Jović-Stosić J, Babić G, Todorovic V. Vojnosanit. Pregl. 2009; 66(6): 477-481.

Affiliation

Military Medical Academy, Clinic of Emergency and Clinical Toxicology, National Poison Control Centre, Belgrade, Serbia. ncktvma@eunet.co.yu

Copyright

(Copyright © 2009, Institut Vojnomedicinski Dokumentaciju)

DOI

unavailable

PMID

19583147

Abstract

BACKGROUND: Since the introduction of diquat in agriculture practice in 1960's, about 40 cases of poisoning have been described in detail in medical literature.

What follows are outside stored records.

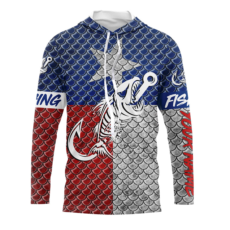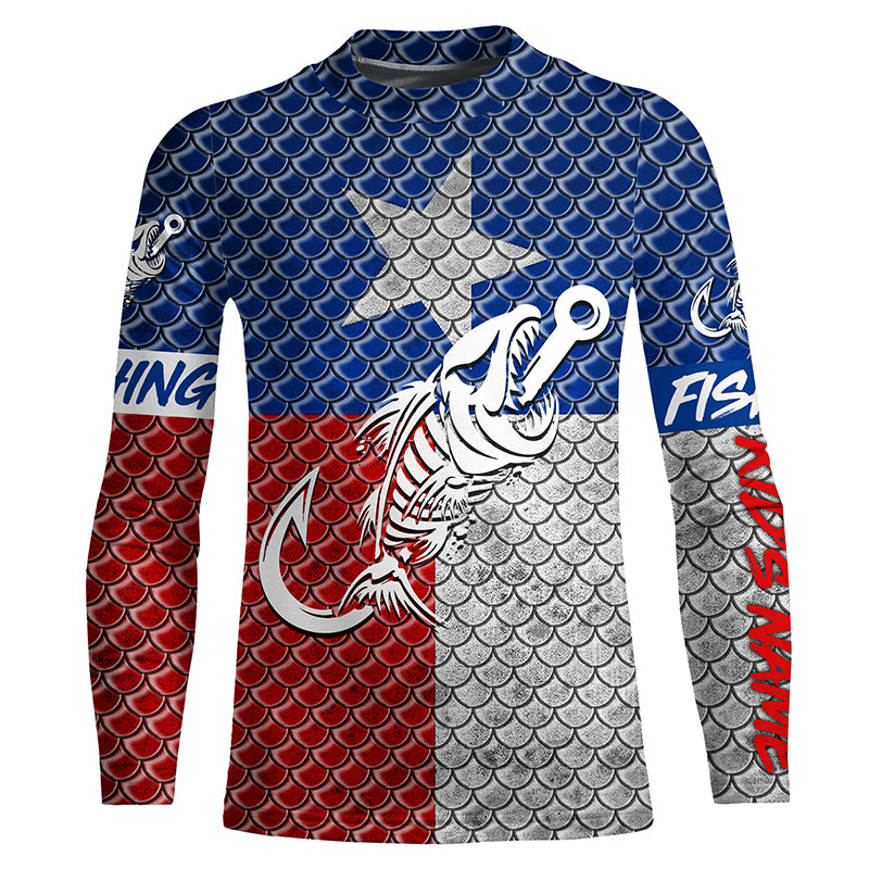 Texas fishing Fish hook fish skull scales Custom Name sun protection fishing shirts for men, women,kid NQS5169
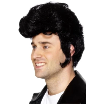 Smiffys Rockstar Wig, Black , 1950's Rock'n'Rolla Fancy Dress, Adult Dress Up Wigs
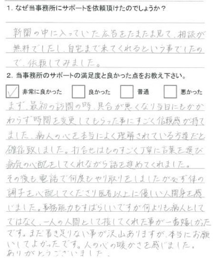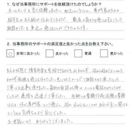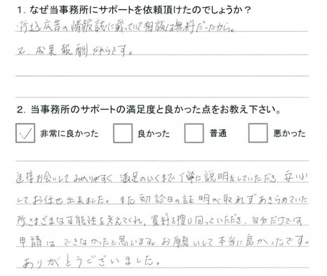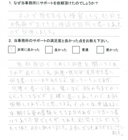 病歴・就労状況等申立書に何を書いていいのか分からず、困っていたんですが、代理で書いて頂き、驚くほど自分の今までの辛かったことなどが正確に書いてあったので、本当に依頼して良かったと思ってます。
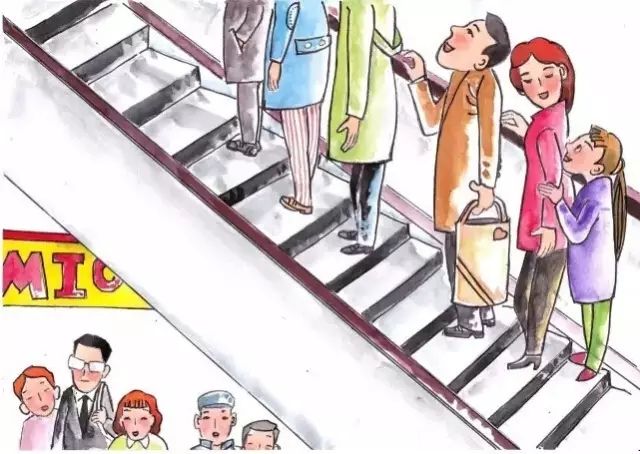 在一些国家和地区,乘坐扶梯时,确实要求"靠右站立,靠左急行",但"左行右立"的方式会使电梯长时间承受不平衡压力,让电梯右侧严重倾斜,影响电梯寿命,增加风险。
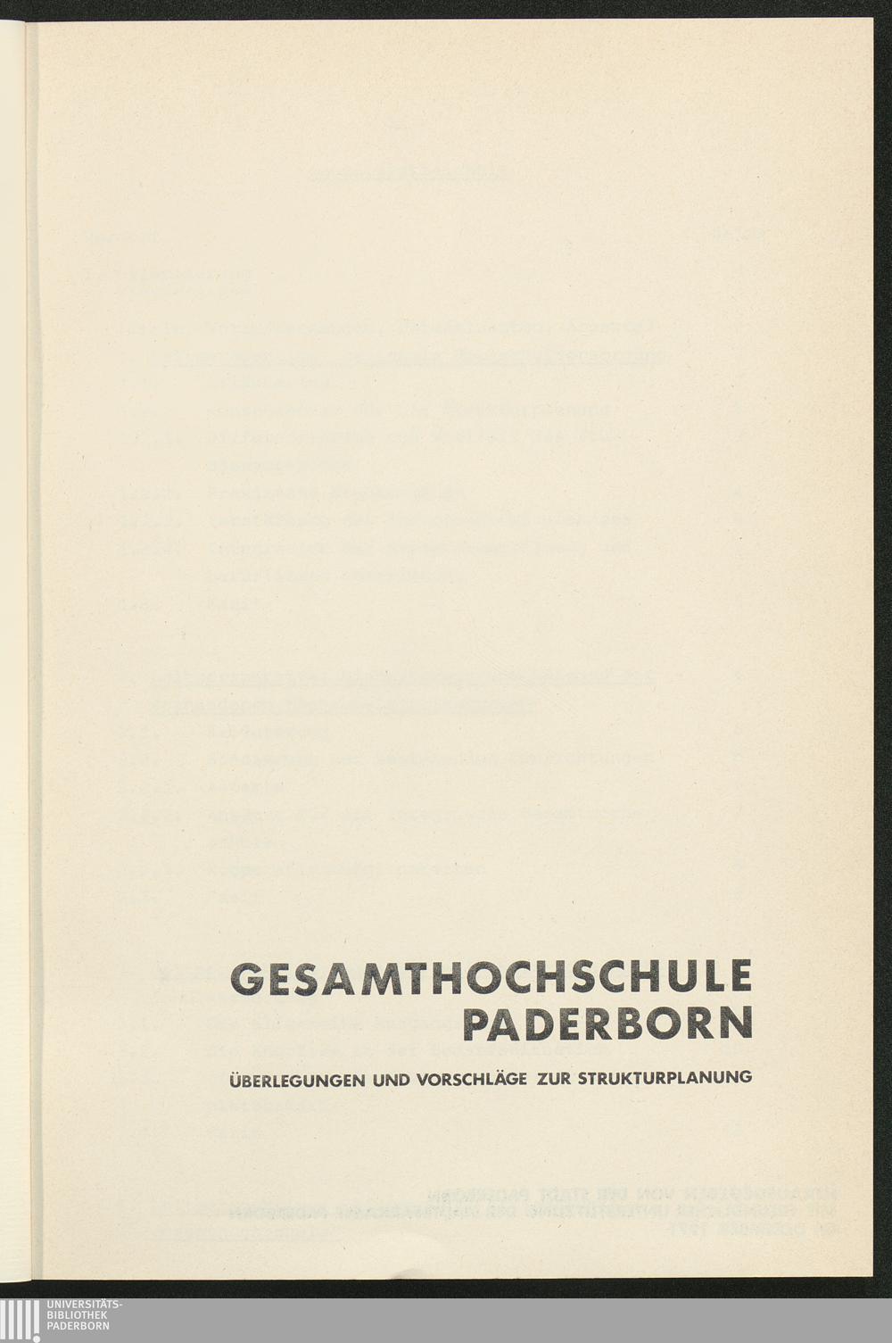 Gesamthochschule Paderborn : Überlegungen und Vorschläge zur Strukturplanung / [Hrsg. von der Stadt Paderborn. Bearb. von Christian Heichert]

CASE REPORT: We presented two cases. A case one, a 35-year-old, previously healthy, woman ingested 14% diquat solution. The poisoning had fulminant course, consisted of severe stomachache, vomiting, cardiocirculatory shock, respiratory failure and cardiac arrest 20 hours post-ingestion. Autopsy revealed myocardial infarction, bronchopneumonia and incipient renal damage. A case two, a 64-year-old man developed severe gastroenteritis, corrosive lesions of mucosal surfaces, acute renal injury, arrhythmias, brain stem infarction and bronchopneumonia. The diagnosis of diquat poisoning was made retrospectively upon the clinical picture and identification of pesticides he had been exposed to. The patient died 18 days post-exposure. The most prominent findings on autopsy were pontine hemorrhage and infarction, bronchopneumonia, left ventricle papillary muscle infarction and renal tubular damage. CONCLUSION: Cardiocirculatory disturbances led to fatal complications, the heart and brain infarction. We pointed out the heart as one of the most severely affected organs in diquat poisoning.